Time seems not to pass for Aymar’s voice…?
It is amazing that he can still muster that grit at his age, for sure! I’ve been working with Tim for a very long time now, and I’m quite aware of how his voice has changed, but it’s just as fair to say my guitar playing has changed, or that Chris Black’s drumming has changed. We’re human, we’re getting old like everyone else. There’s no sense in pretending we’re the same men who made After the Fire 20 years ago. There are far fewer high harmonies on this album than there were even on the last one, but the way to deal with that is not to just drop the high parts and hope no one notices. As Tim’s voice has evolved, we’ve tried to write the best melodies for his voice right now, to get creative in our vocal arrangements, and to explore new possibilities that have arisen as his voice has matured. We surely couldn’t have pulled off a track like «Waiting to Drown» in 2003!

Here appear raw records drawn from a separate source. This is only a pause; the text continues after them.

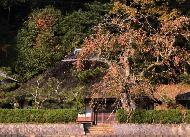 (作品に込めた思い:数年前、茅葺き屋根が珍しく、油彩画の材料に写真を撮りました。葺き替え直後は白っぽい屋根でしたが、その後どうなっているかと気になり、行ってみました。歴史を感じる茅葺き屋根と、たわわに実った柿もとても珍しいので、是非残して欲しくて作品にしました。)
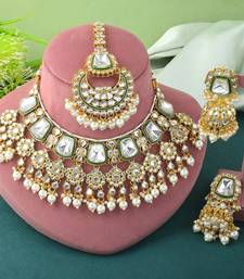 Product Description | Adjustable Rope | Necklace Length: 18.00 Cm X Width: 6.00 Cm | Earring Length: 7.00 Cm X Width: 3.00 Cm | Maang Tikka Length: 23.00 Cm X Width: 5.70 Cm | Metal: Alloy With Good Quality Gold Plated | Color: White | Stone: Kundan & Imitation Pearl | Package Content: 1 Piece Of Necklace/1 Pair Of Earring/1 Piece Of Maang Tikka | Gross Weight: 225.00 Grams | Back Finding: Post With Friction Back X Earring Style: Jhumka | Care Instruction : Avoid Heat & Chemicals Like Perfume, Deo, Alcohol, Etc. |
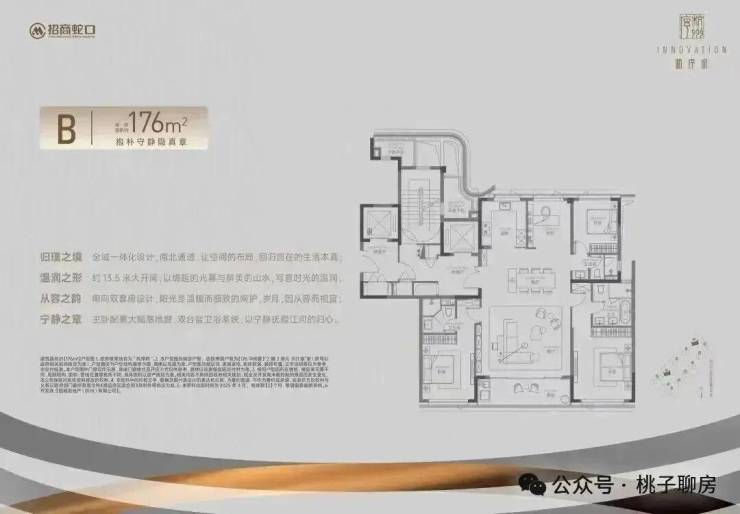 建面约 176㎡:4 房 2 厅 3 卫,尺度更奢阔,主卧套房带独立衣帽间与书房
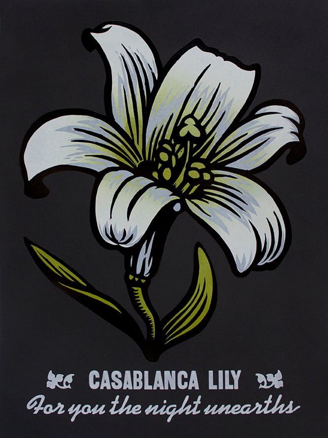 Martin Mazorra's Language of Flowers, Night Blooming Series, Color Woodcut and Letterpress print, 24" x 18", on French's 100 lb. Cover, Insulation Pink. Handcut, Handprinted with moveable type. Signed. Unframed. Edition of 20.
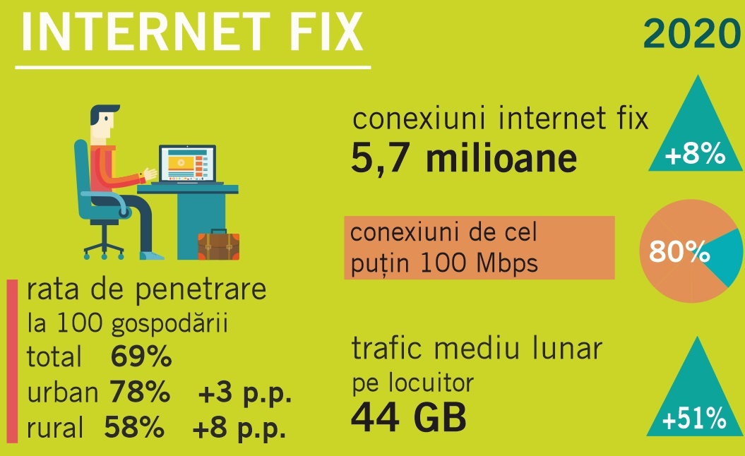 La nivelul Internetului fix existau 5.7 milioane de conexiuni la final de an 2020 (+8% evoluţie anuală), dintre care 4.5 milioane, adică aproape 80% reprezentau conexiuni de viteză foarte mare (peste 100 Mbps). Traficul mediu lunar de Internet fix per locuitor a fost de 44 GB pe lună, iar cifrele arată că la nivel naţional în medie 7 din 10 gospodării deţin o conexiune de Internet fix, mai precis 8/10 gospodării urbane şi 6/10 gospodării rurale.
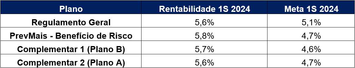 Abaixo, apresentamos a rentabilidade de cada plano em comparação com a meta traçada para o período:

Now that you are on fire again, there will be more material to come from Pharaoh in the future?
Yes! But then again, I say that every time, so maybe I shouldn’t be trusted. We’re not getting any younger, so hopefully our looming mortality will keep us motivated. Fingers crossed!
Oh yeaaah! Congratulations for the great work, if you wish to add something…
I’ve been on a bit of a classic Spanish metal kick lately, spinning the first few Baron Rojo albums, and a new-to-me discovery, Thor from the Basque region. Their first album is especially awesome! Unfortunately, despite using the Duolingo app daily for over 5 years to learn Spanish, I can’t understand a word. I guess I just need to move to Spain! Thanks so much for supporting Pharaoh. Stay heavy!